Après s’être produite dans une salle comble le 4 décembre, Loreena McKennitt a presque réédité l’exploit le lendemain : seuls quelques sièges, au fond du parterre et des balcons, étaient encore vides lorsque la grande dame de la musique celtique est montée sur la scène du Grand-Théâtre, pour la deuxième fois en autant de jours. Calme et souriante, l’artiste canadienne a salué la foule avec chaleur, avant d’entamer une grande soirée de musique, et un fabuleux voyage dans l’univers musical des Celtes, aussi riche que vaste.
Nathan Murray
Visiblement en grande forme, la voix toujours aussi mélodieuse et éblouissante, l’auteure-compositrice-interprète était entourée d’une magnifique équipe de musiciens. Caroline Lavelle, au violoncelle et aux voix, proposait une musique éthérée, aérienne, profondément émouvante. Si le vieux complice de McKennitt Brian Hugues, alternant entre la guitare électrique et les instruments à cordes traditionnels, s’est fait relativement discret, ses arrangements enveloppants n’en ajoutaient pas moins force et textures à l’atmosphère musicale. Ben Grossman, aux percussions, et Dudley Philips, à la contrebasse, s’en sont aussi tirés avec les honneurs. C’est cependant le violoniste Hugh Marsh, servi il est vrai par un répertoire destiné à le faire briller, qui a attiré sur lui tous les regards, surprenant la foule tantôt par de magnifiques fulgurances, tantôt par de virtuoses élans mélancoliques. Loreena elle-même, passant de la harpe à l’accordéon, de l’accordéon au piano, a su hypnotiser la salle Louis Fréchette avec sa musique inspirée. Plusieurs pièces purement musicales, dont la nostalgique Between the Shadows, ont d’ailleurs suscité l’enthousiasme de la foule, conquise par l’énergie et le plaisir apparent de la troupe.
Tantôt assise, tantôt debout sur une scène décorée de grands candélabres et d’un antique réverbère, Loreena McKennitt a su, à la fois par sa musique, sa voix et ses paroles, guider le public à travers les méandres de ses multiples voyages dans les contrées celtes. Les anecdotes ont en effet été nombreuses, les explications parfois longues, mais toujours pertinentes, porteuses d’émotion, de sens — et parfois de rire, à l’exemple de ce croustillant portrait d’un chauffeur d’autobus irlandais.
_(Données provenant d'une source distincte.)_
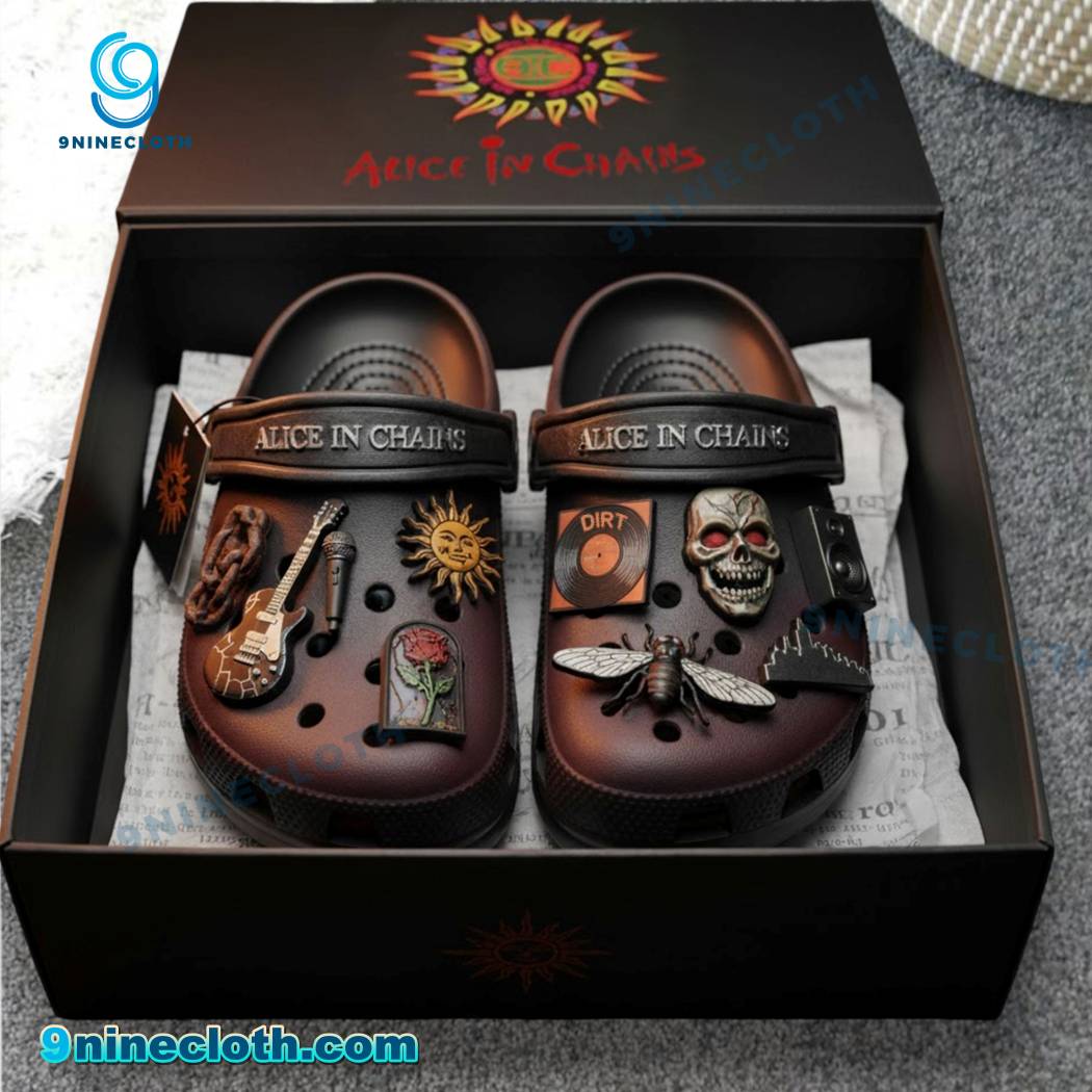 Keywords: Alice In Chains, Crocs, Charms, Grunge, Band Merch, Music, Shoes, Footwear, 9ninecloth, EVA, Resistant, Durable, Comfortable, Alternative, Rock, Concert, Fan Merch, Gifts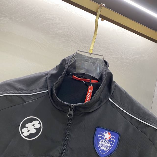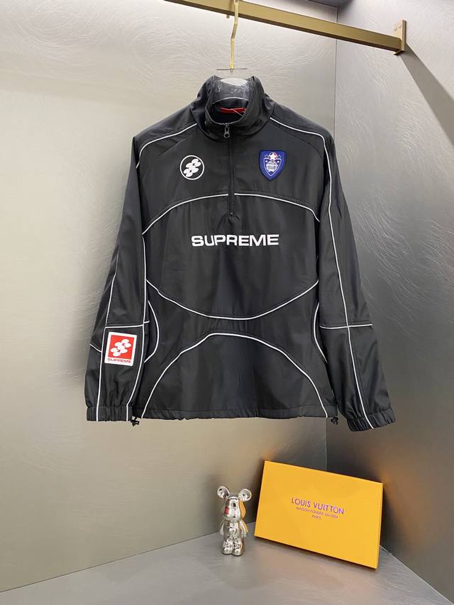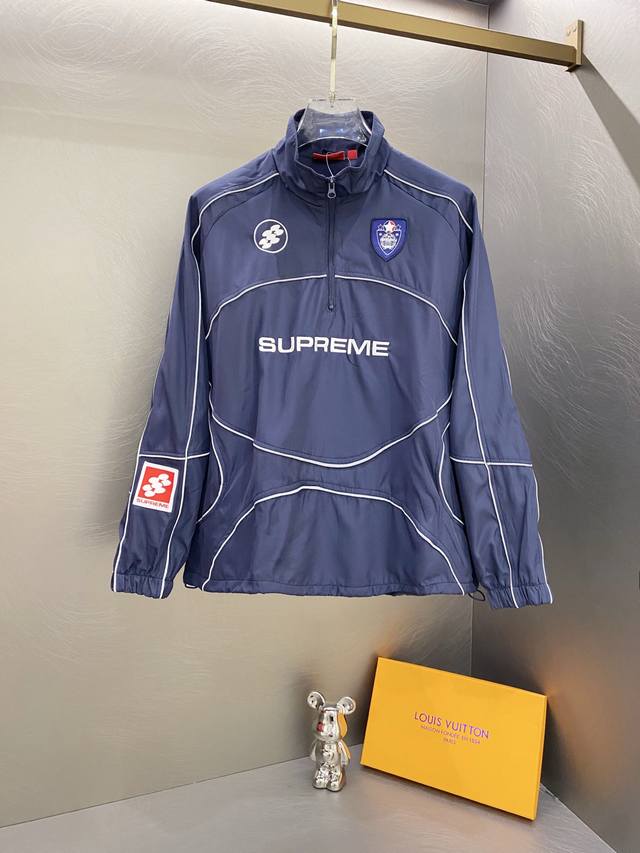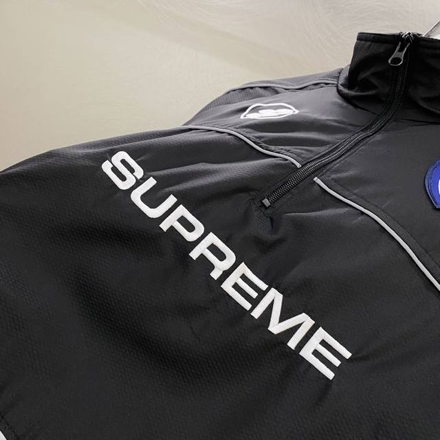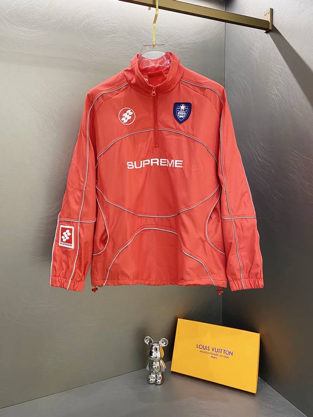 Supreme Fw24 Week11 Reflective Piping Pullover 3M Reflective Strip Half-Zip Pullover Jacket, Unisex. Custom-made soccer mesh fabric, original imported 3M reflective strips, original YKK zipper. Stunning fit. Features side pockets, adjustable hem, tightly embroidered chest with thousands of stitches, custom-made and delicate mesh lining matching the original. Top-notch details and accessories. Colors: Navy, Red, Black. Sizes: S, M, L, XL.

Des steppes de Sibérie au désert de Maroc, de l’Espagne à l’Irlande, la grande musicienne a fait voyager la foule, l’emmenant sur les traces des Celtes, ce peuple qu’elle étudie depuis plus de trois décennies, et dont elle tente de rendre l’âme à travers ses chansons. Une bonne maîtrise de l’anglais était cependant essentielle pour profiter pleinement des exposés de l’artiste, qui a tenu à s’excuser en début de soirée pour sa mauvaise maîtrise du français — précisant au passage que les seules expressions dont elle se souvenait étaient ces phrases toutes faites que l’on apprend à l’école, du type « j’ai peur que ce soit la grippe ». Charmante confession d’une femme dont on pardonnera aisément les lacunes langagières. La Canadienne s’est aussi permis, en début de spectacle, un sympathique avertissement à l’endroit d’un spectateur indélicat, caméraman indiscret trahi par la lumière de son appareil…
Au-delà des présentations et des anecdotes, cependant, il y avait la musique, il y avait le chant, porté par la superbe voix de Loreena McKennitt, riche et sucrée, vibrante. La première partie a notamment été marquée par l’hymne environnemental Bonny Portmore, pleurant sur les vertes forêts d’Irlande; par l’émouvante et amoureuse Down by the Sally Gardens ; par la joyeuse et dansante The Star of the County Down ; et par la poignante The Wind that Shakes the Barley. Le tout s’est terminé de manière grandiose avec Bonny Swans, sans doute l’une des plus belles pièces de l’artiste.
La seconde moitié du spectacle s’est révélée encore plus puissante et plus belle, marquée notamment par de superbes envolées musicales et des pièces adorées du public. Après un magnifique doublé Mystic’s Dream et Santiago — sans aucun doute l’une des plus belles interprétations de la soirée -, qui a déchaîné les applaudissements du public, Loreena McKennitt et ses musiciens ont notamment interprété The Lady of Shalott, Peneloppe’s Song et All Souls Night, portées par un souffle immense. Never-Ending Road et The Parting Glass, élégamment mariées, ont clôt la soirée de magnifique manière. L’artiste est par la suite revenue par deux fois sur scène, avant de disparaître sur les dernières notes de Snow, laissant derrière elle un public ravi de son voyage au cœur de contrées enchanteresses.